• AIM OF THE EXERCISE: Skip the pictures. Output only the lines below starting at the line with "Забавный мужчина в" and ending at the line with "Bottle Cooler 3", both ends included, exactly as they are.

• DATA EXTRACT:
--- START ---
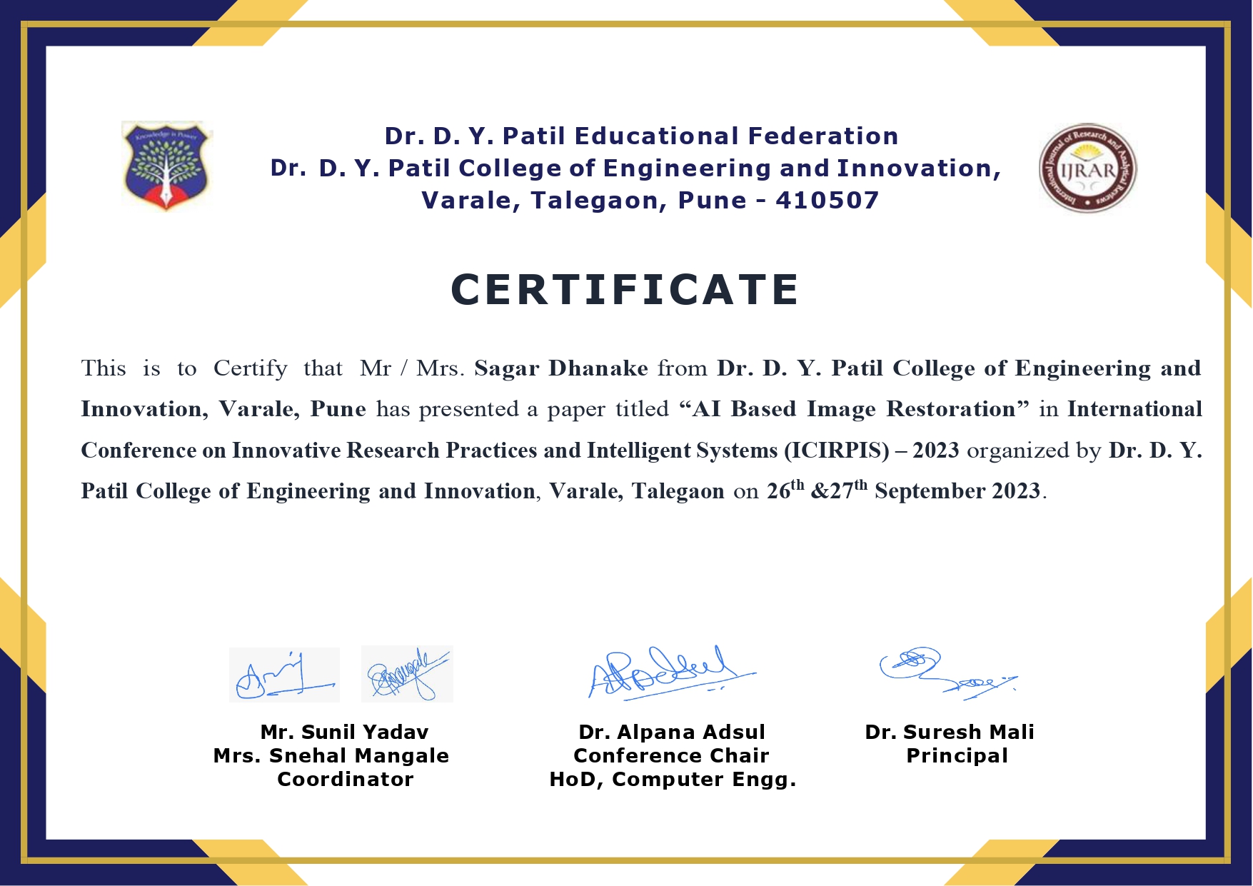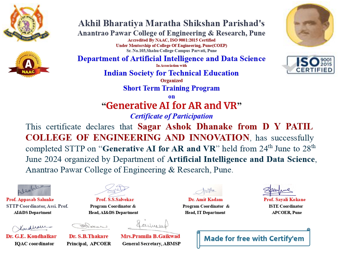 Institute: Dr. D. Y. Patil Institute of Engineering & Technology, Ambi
--- END ---
--- START ---
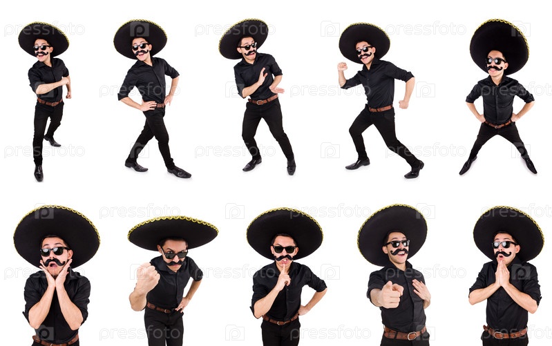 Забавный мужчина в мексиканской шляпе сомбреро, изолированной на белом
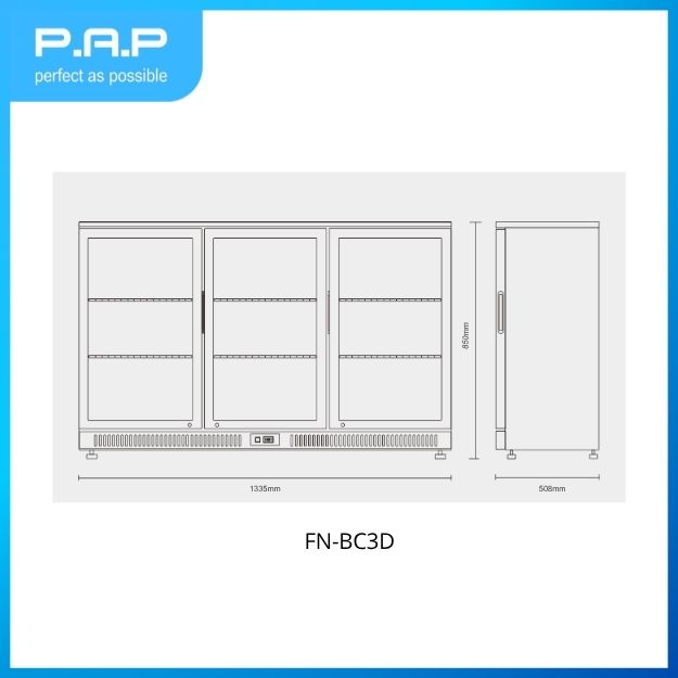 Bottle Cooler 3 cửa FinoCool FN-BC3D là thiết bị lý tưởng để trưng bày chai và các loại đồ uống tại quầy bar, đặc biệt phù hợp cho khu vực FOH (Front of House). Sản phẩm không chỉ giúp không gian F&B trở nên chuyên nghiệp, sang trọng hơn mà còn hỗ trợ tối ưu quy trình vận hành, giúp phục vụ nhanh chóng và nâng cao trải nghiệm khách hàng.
--- END ---
--- START ---
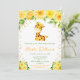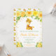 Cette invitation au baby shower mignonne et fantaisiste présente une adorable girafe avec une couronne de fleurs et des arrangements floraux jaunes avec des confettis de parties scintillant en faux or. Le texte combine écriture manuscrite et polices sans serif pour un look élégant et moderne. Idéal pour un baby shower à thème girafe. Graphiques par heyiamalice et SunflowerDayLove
--- END ---
• EXERCISE ANSWER:
 Забавный мужчина в мексиканской шляпе сомбреро, изолированной на белом
 Bottle Cooler 3 cửa FinoCool FN-BC3D là thiết bị lý tưởng để trưng bày chai và các loại đồ uống tại quầy bar, đặc biệt phù hợp cho khu vực FOH (Front of House). Sản phẩm không chỉ giúp không gian F&B trở nên chuyên nghiệp, sang trọng hơn mà còn hỗ trợ tối ưu quy trình vận hành, giúp phục vụ nhanh chóng và nâng cao trải nghiệm khách hàng.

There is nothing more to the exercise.